Originally Published

NURJ 2014-15
Honors Thesis

Stéphane Mallarmé, and in particular his 1897 poem Un Coup de Dés Jamais N’Abolira le Hasard [“A throw of the dice never will abolish chance/hasard”], have become a touch point for the French intellectual tradition. Across the arts and letters, Mallarmé has incited fresh interpretations more than a century after his death. Since his death, he has been recognized as a precursor of twentieth-century thought, influencing people ranging from the Modernist painters, composers John Cage and Pierre Boulez, to, of particular interest to us, French philosophers in the 1960s like Jacques Derrida and Julia Kristeva. The latter group saw in Mallarmé a pioneering effort in exploring, poetically, the profound ways language shapes human experience. More recently, two other theorists, Jacques Rancière and Friedrich Kittler, have elaborated their own theories in aesthetics and media studies which draw and expand upon that French philosophical tradition. Having read through Mallarmé’s “Throw of the dice” project, Rancière and Kittler align in a common problematic that locates confusion at the center of our media and sensory experience.

Rancière and Kittler, by the looks of it, make an odd couple. Rancière has made a name for himself as a political philosopher and advocate for a renewed commitment to equality, while Kittler’s forays into technological history have been interpreted as a radically media-oriented outlook disavowing politics. But they share a concern for how material practices, particularly art, change the grounds of human action—and how these changes emerge in the first place. First, we will consider Mallarmé’s poem, “A throw of the dice,” before putting it in conversation with Rancière and Kittler’s theoretical responses. Together, these sources show another, materialist, side to Mallarmé’s well-known work apart from the interpretation of him as a mystical aesthete.

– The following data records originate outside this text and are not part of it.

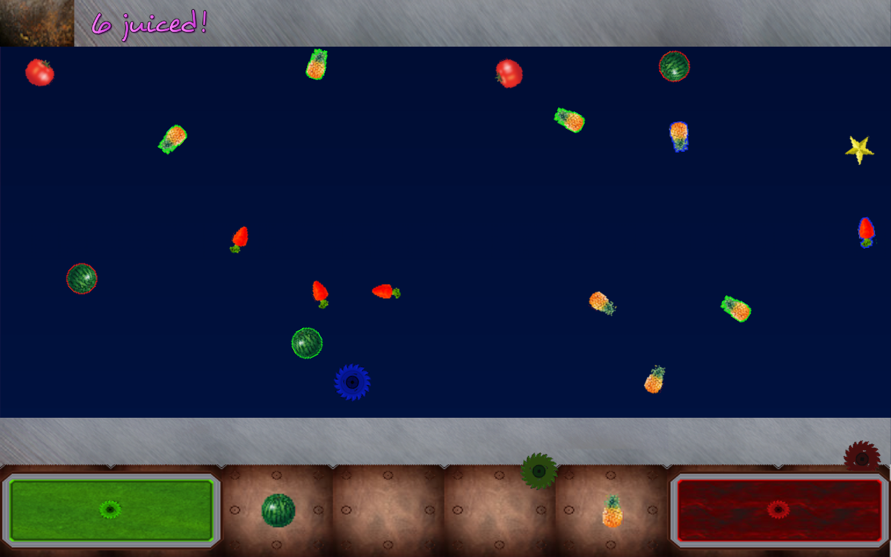 Use the green button for the green blender and the red button for the red blender - all you have to do is juice the fruits shown next to each of them and avoid the others...but they will change suddenly so watch them carefully!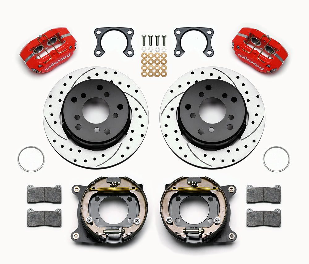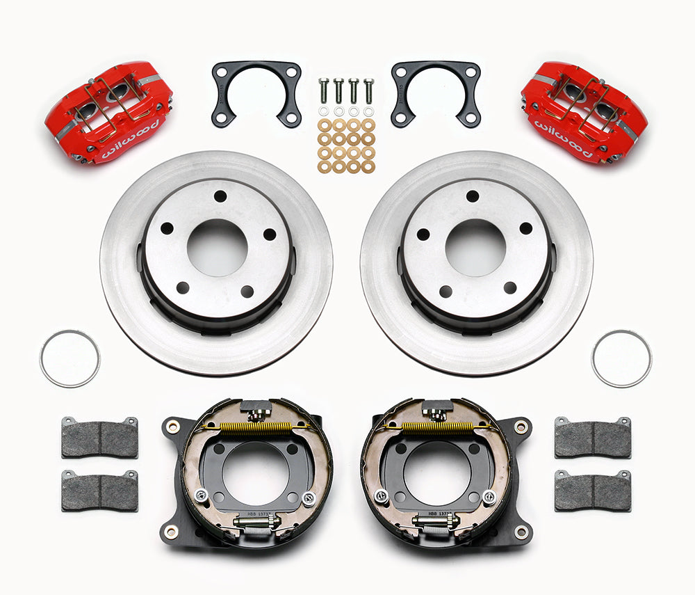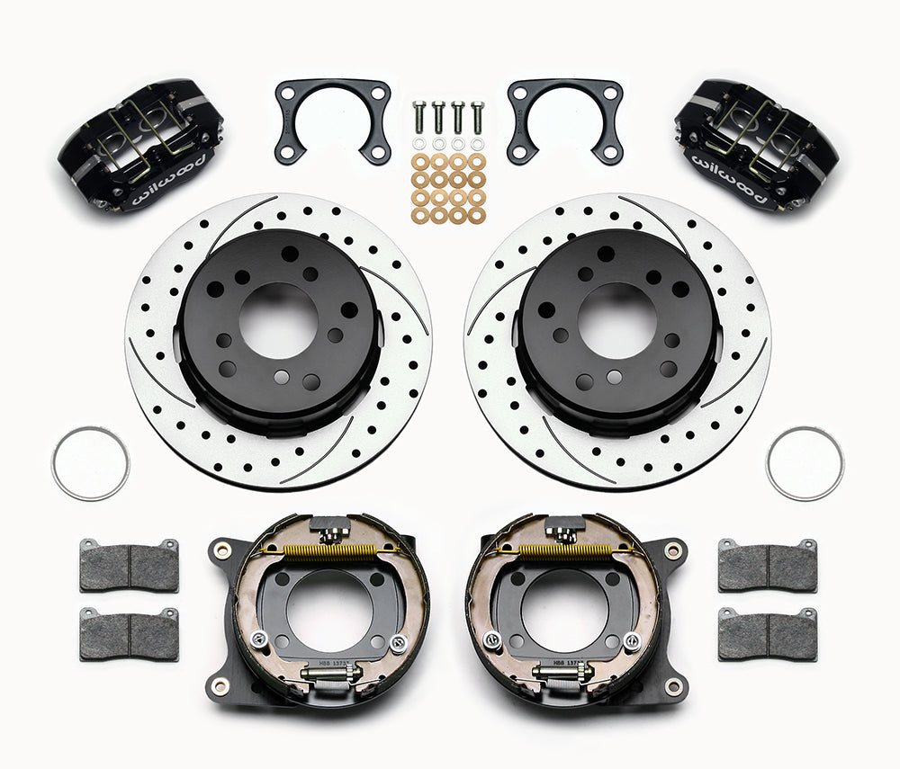 These versions of DPL Pro-Series rear disc kits provides a complete solution for Bronco 65-77 rear axles with Big Ford flange and bearing, with a 2.00 in axle offset. Forged Billet Dynapro Lug Mount four piston calipers, 12.19” one-piece drum/rotors, and high friction pads provide optimized and balanced braking to compliment front big brake upgrades available for Bronco platform. The neatly hidden internal shoe system provides a clean installation with superior static holding power for parking. Optional caliper finishes and rotor designs enable the builder to personalize the style and optimize brake performance for every individual application.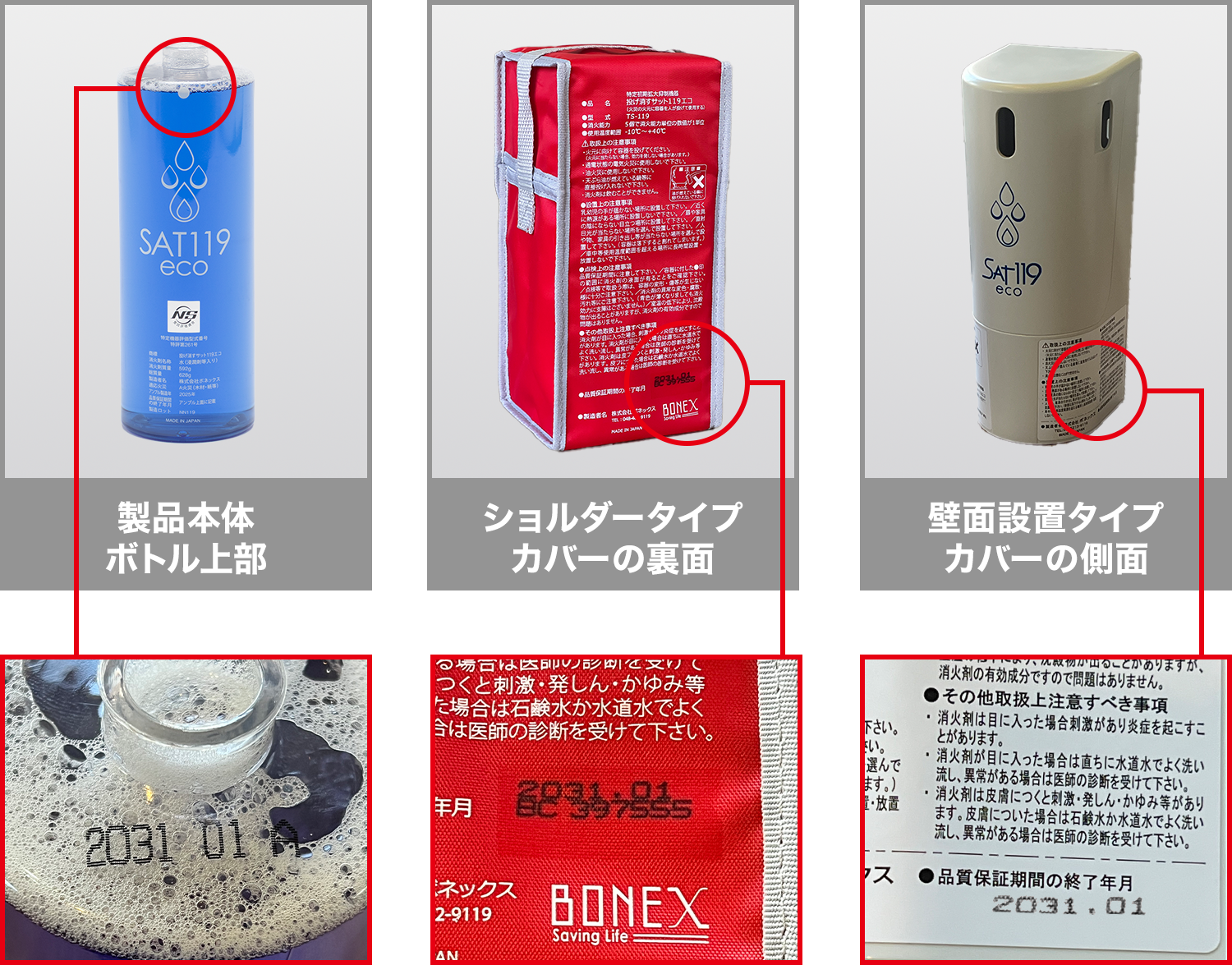 本製品には有効期限がございます。ご購入いただきました製品の以下の写真箇所をご確認ください。

Stéphane Mallarmé’s (1842-1898) corpus is slim: He published four short volumes in the 1870s, including a translation of Poe’s The Raven; one in the 1880s; and two in the 1890s. His poetry combines mind-bending grammar, readable in several configurations at once, with an opaque but evocative vocabulary. Although almost unknown during his lifetime, he hosted a particularly influential salon in Paris during his later years, attended by writers like Rainer Maria Rilke, William Butler Yeats, and Paul Valéry. These writers would come to play key roles in the heady artistic moment following the First World War, though Mallarmé’s influence was not confined to the literary arts. While Mallarmé only ballooned in popularity after his death, his experimentation prefigured how artistic modernism, in many domains, broke from its past forms, and all the consequences (political, social, and technological) that accompanied it. Hence, when Francophone writers started thinking about what defines modern life—artistic or otherwise—many fixated on Mallarmé, whose work predated the most well-known icons of the twentieth century such as Salvador Dalí, Le Corbusier, and Marcel Proust, but undoubtedly left its mark. Published in 1897 but unearthed only after the war by Paul Valéry, Un Coup de dés is Mallarmé’s last and most archetypically modern work.

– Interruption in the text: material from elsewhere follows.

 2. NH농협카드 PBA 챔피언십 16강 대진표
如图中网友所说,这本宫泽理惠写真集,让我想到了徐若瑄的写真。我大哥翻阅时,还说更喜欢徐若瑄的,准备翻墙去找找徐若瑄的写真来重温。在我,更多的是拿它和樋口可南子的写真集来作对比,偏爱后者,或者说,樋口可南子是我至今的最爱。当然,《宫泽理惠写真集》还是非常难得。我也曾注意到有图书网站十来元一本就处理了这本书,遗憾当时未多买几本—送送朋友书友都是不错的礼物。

Published in the same year in the magazine Cosmopolis, the poem consists of 21 pages divided into two-page panels, prefaced by a short, characteristically circular note: “I would like no one to read this note, or rather, having traversed it, they forgot it altogether…” Mallarmé’s poem follows its time in experimenting with poetic form by breaking with the six-foot alexandrine form that had characterized so much of earlier French poetry. “A throw of the dice”’s difficulty stems from its polydirectional verse form, its diction, and its pictorial typography. Mallarmé seeks to tell a story with his poetry, not just semantically with words, but also pictorially. For example, one panel is arranged to form a tall ship listing to the left, another, a falling feather. Representative typography is this way of using blocks of lines on a page as its own image, regardless of the words which compose it. While uncommon for most Western European poets and their ilk, this bewildering form recalls a long tradition in Jewish and Islamic arts called micrography. Because of the difficulty of such poetry, Mallarmé’s work throws the reading process itself into question. No more is it immediately clear how the poem should be read. Mallarmé’s differentiates lines and words by typeface, size, italicization, capitalizing, and their place on the page. Each line is split dramatically across each two-page panel, and the words are scattered (or “constellated”) across the page. Because of these gaps, Mallarmé challenges, more deeply even than his earlier works, the assumption of a linear reading format. Instead of continuous lines on a page, the reader confronts a collection of scattered words, which they must put back together. This novelty will become the preoccupation of writers like Rancière and Kittler who have historicized Mallarmé’s work.

The reading he demands travels by different rhythms, speeds, and vectors across the page, and each time it plays out differently. The reader might take the cue from the poem’s evocation of a “CONSTELLATION…on some vacant and higher surface,” to name just what Mallarmé has done with the read surface of the poem. Such a constellation offers any number of directions that might be taken through the text, with all the changes in poetic expression that entails. The novelty of this sort of reading, and the reflexivity involved in making a path through the poem and thinking about one’s path, comprises a key element of Rancière’s aesthetics.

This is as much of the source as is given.